» Source material:
--- START ---
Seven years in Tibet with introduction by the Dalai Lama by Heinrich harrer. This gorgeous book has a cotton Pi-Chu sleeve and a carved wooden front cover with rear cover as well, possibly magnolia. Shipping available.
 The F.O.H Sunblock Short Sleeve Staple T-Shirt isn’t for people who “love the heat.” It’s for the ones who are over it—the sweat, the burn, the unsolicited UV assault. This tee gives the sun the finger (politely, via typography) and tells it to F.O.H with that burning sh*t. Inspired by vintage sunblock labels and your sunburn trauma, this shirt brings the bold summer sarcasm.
--- END ---
--- START ---
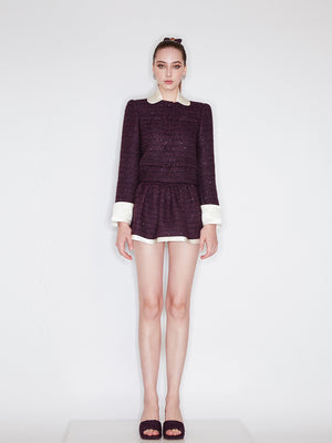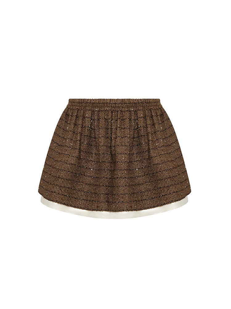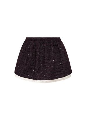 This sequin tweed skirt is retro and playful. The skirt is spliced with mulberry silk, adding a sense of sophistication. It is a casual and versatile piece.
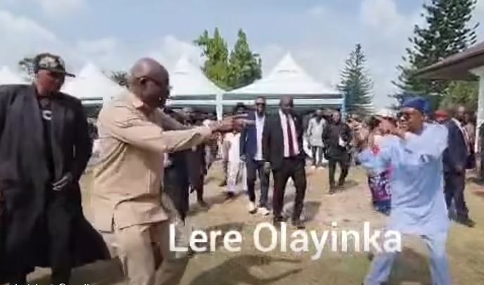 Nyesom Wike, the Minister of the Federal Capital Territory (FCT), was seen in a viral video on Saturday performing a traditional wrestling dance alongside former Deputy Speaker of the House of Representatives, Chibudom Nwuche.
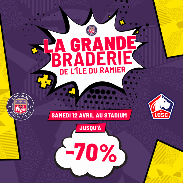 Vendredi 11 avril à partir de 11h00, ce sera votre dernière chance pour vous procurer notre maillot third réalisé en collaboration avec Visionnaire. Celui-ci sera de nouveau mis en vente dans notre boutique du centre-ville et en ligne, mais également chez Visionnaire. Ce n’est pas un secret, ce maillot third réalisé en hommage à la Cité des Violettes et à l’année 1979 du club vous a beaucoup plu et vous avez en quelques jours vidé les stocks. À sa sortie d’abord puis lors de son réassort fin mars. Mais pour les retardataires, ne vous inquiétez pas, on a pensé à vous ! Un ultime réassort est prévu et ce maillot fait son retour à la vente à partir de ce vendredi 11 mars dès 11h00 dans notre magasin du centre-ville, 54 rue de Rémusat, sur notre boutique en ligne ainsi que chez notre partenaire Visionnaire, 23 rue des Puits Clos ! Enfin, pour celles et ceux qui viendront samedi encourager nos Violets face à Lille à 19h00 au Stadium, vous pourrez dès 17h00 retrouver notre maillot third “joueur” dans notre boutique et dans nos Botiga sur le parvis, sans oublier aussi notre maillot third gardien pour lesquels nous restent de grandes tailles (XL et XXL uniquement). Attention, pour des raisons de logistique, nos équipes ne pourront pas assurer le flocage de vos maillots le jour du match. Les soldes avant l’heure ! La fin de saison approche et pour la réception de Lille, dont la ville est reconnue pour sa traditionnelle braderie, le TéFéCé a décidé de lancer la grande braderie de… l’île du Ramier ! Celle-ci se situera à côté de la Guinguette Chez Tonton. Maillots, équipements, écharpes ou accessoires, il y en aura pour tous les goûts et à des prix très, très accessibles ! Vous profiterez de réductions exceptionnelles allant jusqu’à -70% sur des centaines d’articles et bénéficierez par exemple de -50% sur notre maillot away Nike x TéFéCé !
--- END ---
--- START ---
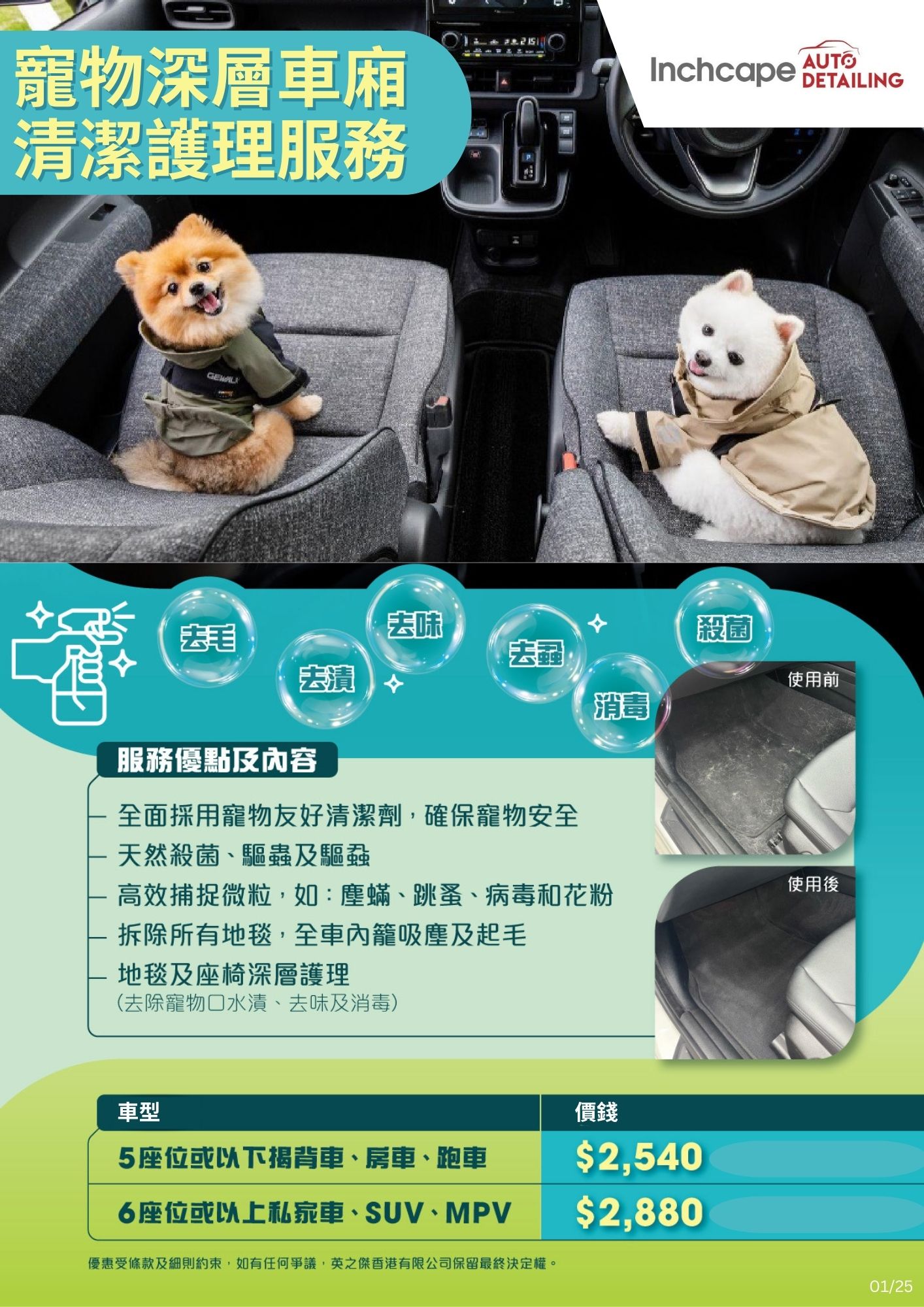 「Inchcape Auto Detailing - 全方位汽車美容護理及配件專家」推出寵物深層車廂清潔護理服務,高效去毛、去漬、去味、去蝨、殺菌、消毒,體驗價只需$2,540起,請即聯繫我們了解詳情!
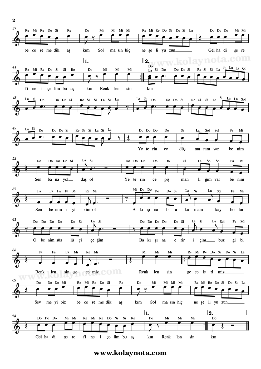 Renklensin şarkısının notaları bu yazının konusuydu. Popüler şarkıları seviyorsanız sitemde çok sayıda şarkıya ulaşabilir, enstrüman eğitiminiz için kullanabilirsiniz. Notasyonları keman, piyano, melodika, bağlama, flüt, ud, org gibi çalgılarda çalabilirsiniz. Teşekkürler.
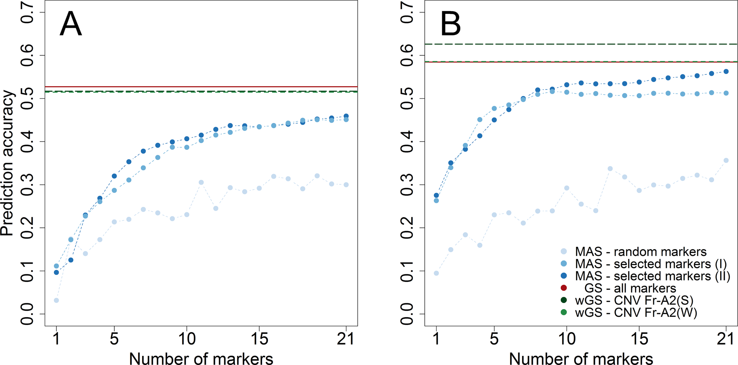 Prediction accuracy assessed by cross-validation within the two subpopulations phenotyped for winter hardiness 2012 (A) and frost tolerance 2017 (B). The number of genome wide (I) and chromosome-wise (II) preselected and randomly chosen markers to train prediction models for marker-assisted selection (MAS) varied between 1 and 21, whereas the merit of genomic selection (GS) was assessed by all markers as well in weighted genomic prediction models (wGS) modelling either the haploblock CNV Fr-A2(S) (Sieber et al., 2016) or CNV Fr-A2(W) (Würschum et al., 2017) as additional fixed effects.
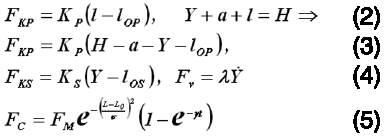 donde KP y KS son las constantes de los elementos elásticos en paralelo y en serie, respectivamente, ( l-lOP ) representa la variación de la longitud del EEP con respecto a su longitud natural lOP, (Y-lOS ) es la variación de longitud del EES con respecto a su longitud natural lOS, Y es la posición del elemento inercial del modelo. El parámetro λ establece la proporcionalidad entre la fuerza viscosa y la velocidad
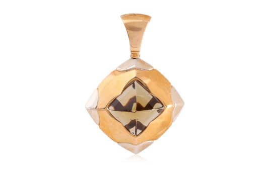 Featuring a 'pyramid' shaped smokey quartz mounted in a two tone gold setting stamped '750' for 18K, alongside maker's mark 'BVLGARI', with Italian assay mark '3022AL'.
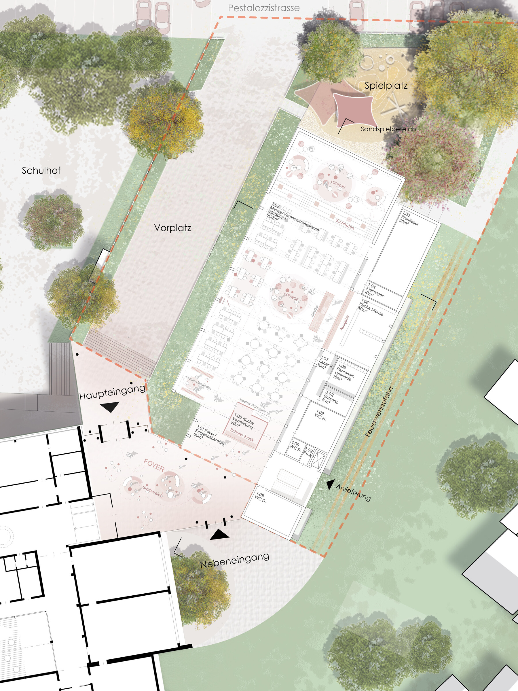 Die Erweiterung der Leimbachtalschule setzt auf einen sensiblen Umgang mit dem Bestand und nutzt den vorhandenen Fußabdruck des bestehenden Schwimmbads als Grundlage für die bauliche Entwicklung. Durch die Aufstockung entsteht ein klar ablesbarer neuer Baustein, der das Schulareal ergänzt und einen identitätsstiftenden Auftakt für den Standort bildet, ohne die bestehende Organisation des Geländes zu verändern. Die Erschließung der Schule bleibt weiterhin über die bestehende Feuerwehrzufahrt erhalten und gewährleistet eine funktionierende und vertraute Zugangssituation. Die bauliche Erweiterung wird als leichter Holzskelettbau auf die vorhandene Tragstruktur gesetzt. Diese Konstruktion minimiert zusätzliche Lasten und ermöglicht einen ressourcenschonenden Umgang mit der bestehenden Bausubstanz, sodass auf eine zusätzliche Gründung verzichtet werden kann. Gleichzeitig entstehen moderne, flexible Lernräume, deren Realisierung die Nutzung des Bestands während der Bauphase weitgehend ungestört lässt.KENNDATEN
--- END ---
» Task details:
In the records above, find the line with "This sequin tweed" and the line with "Nyesom Wike, the". Write out exactly those lines and every one between, with no pictures and no other lines.

» Task solution:
 This sequin tweed skirt is retro and playful. The skirt is spliced with mulberry silk, adding a sense of sophistication. It is a casual and versatile piece.
 Nyesom Wike, the Minister of the Federal Capital Territory (FCT), was seen in a viral video on Saturday performing a traditional wrestling dance alongside former Deputy Speaker of the House of Representatives, Chibudom Nwuche.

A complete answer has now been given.